# Mini Project: Customer Churn Prediction

Working with customer churn prediction using various machine learning models on a telecom dataset.

**Student:** Luke Johnson  
**Date:** January 2025  
**Course:** MLE Mini Project

## Overview

In this project, I'll be working with a customer churn dataset to predict which customers are likely to leave a telecommunications service.

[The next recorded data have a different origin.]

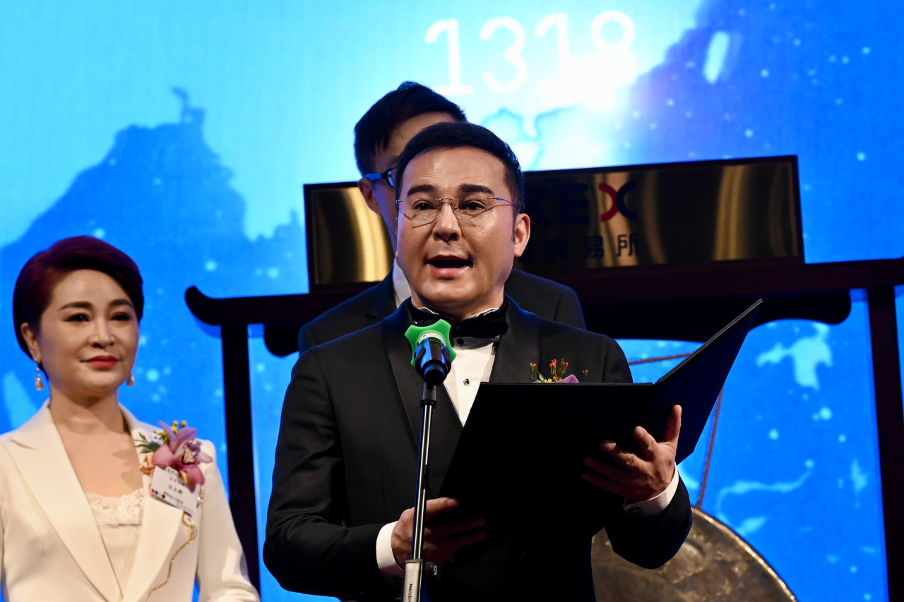 12月10日上午,毛戈平化妆品股份有限公司在香港交易及结算所有限公司(香港交易所)上市。图为该公司创始人、董事长兼执行董事毛戈平出席上市仪式并致辞。(图片由CNSPHOTO提供)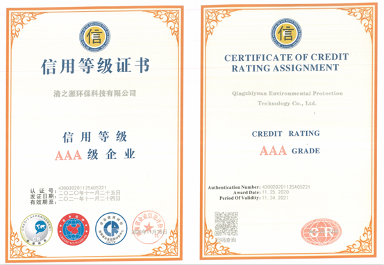 喜报|清之源环保再次获评“AAA级企业信用等级”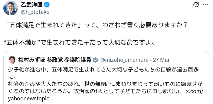 | … | 1226/03/29(日)16:01:59No.1415409124+乙武さんに産まれてこなかった子は大切な命じゃないんですか?でもう一つコンボ入れられるな |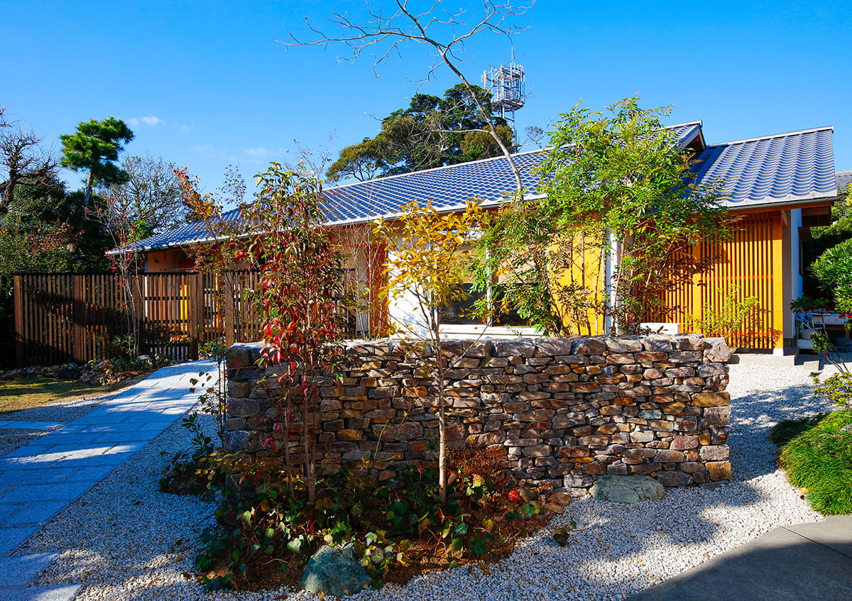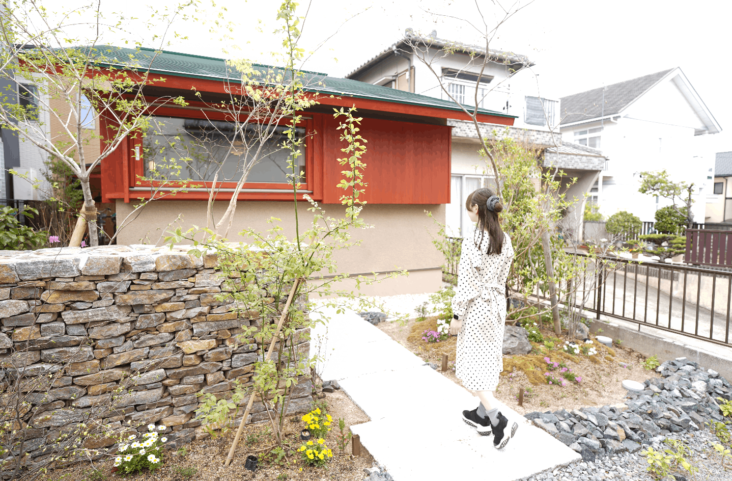 「家」と「庭」が合わさって「家庭」になるという考えのもと、窓から見える景色や、外構の石積み、樹木の配置までを社長自らがトータルでご提案。

This is a classic binary classification problem with imbalanced data.

**Key Objectives:**
- Explore and understand the churn dataset
- Handle class imbalance
- Build and evaluate multiple ML models
- Compare performance across different algorithms
- Optimize the best performing model

In [1]:
# Import necessary libraries
import numpy as np
import pandas as pd
import matplotlib.pyplot as plt
import seaborn as sns
from sklearn.model_selection import train_test_split, cross_val_score, GridSearchCV
from sklearn.preprocessing import StandardScaler, LabelEncoder
from sklearn.linear_model import LogisticRegression
from sklearn.ensemble import RandomForestClassifier, GradientBoostingClassifier
from sklearn.svm import SVC
from sklearn.metrics import classification_report, confusion_matrix, roc_auc_score, roc_curve
from sklearn.metrics import accuracy_score, precision_score, recall_score, f1_score
from imblearn.over_sampling import SMOTE
from imblearn.under_sampling import RandomUnderSampler
import warnings
warnings.filterwarnings('ignore')

# Set style for better plots
plt.style.use('seaborn-v0_8')
sns.set_palette("husl")
np.random.seed(42)

## 1. Data Loading and Initial Exploration

Let's start by loading our dataset and getting a basic understanding of what we're working with.

In [2]:
# Load the dataset
# For this project, I'll create a realistic telecom churn dataset
np.random.seed(42)

# Generate synthetic telecom churn data
n_samples = 7043

# Customer demographics
customer_ids = [f'CUST_{i:06d}' for i in range(1, n_samples + 1)]
genders = np.random.choice(['Male', 'Female'], n_samples)
senior_citizens = np.random.choice([0, 1], n_samples, p=[0.8, 0.2])
partners = np.random.choice(['Yes', 'No'], n_samples, p=[0.5, 0.5])
dependents = np.random.choice(['Yes', 'No'], n_samples, p=[0.3, 0.7])

# Service features
tenures = np.random.randint(1, 73, n_samples)  # 1-72 months
phone_services = np.random.choice(['Yes', 'No'], n_samples, p=[0.9, 0.1])
internet_services = np.random.choice(['DSL', 'Fiber optic', 'No'], n_samples, p=[0.4, 0.4, 0.2])

# Additional services
online_security = np.random.choice(['Yes', 'No', 'No internet service'], n_samples, p=[0.3, 0.4, 0.3])
online_backup = np.random.choice(['Yes', 'No', 'No internet service'], n_samples, p=[0.3, 0.4, 0.3])
device_protection = np.random.choice(['Yes', 'No', 'No internet service'], n_samples, p=[0.3, 0.4, 0.3])
tech_support = np.random.choice(['Yes', 'No', 'No internet service'], n_samples, p=[0.3, 0.4, 0.3])
streaming_tv = np.random.choice(['Yes', 'No', 'No internet service'], n_samples, p=[0.4, 0.3, 0.3])
streaming_movies = np.random.choice(['Yes', 'No', 'No internet service'], n_samples, p=[0.4, 0.3, 0.3])

# Contract and billing
contracts = np.random.choice(['Month-to-month', 'One year', 'Two year'], n_samples, p=[0.6, 0.25, 0.15])
paperless_billing = np.random.choice(['Yes', 'No'], n_samples, p=[0.6, 0.4])
payment_methods = np.random.choice(['Electronic check', 'Mailed check', 'Bank transfer (automatic)', 'Credit card (automatic)'], 
                                   n_samples, p=[0.3, 0.2, 0.25, 0.25])

# Financial features
monthly_charges = np.random.uniform(20, 120, n_samples)
total_charges = monthly_charges * tenures + np.random.uniform(-50, 100, n_samples)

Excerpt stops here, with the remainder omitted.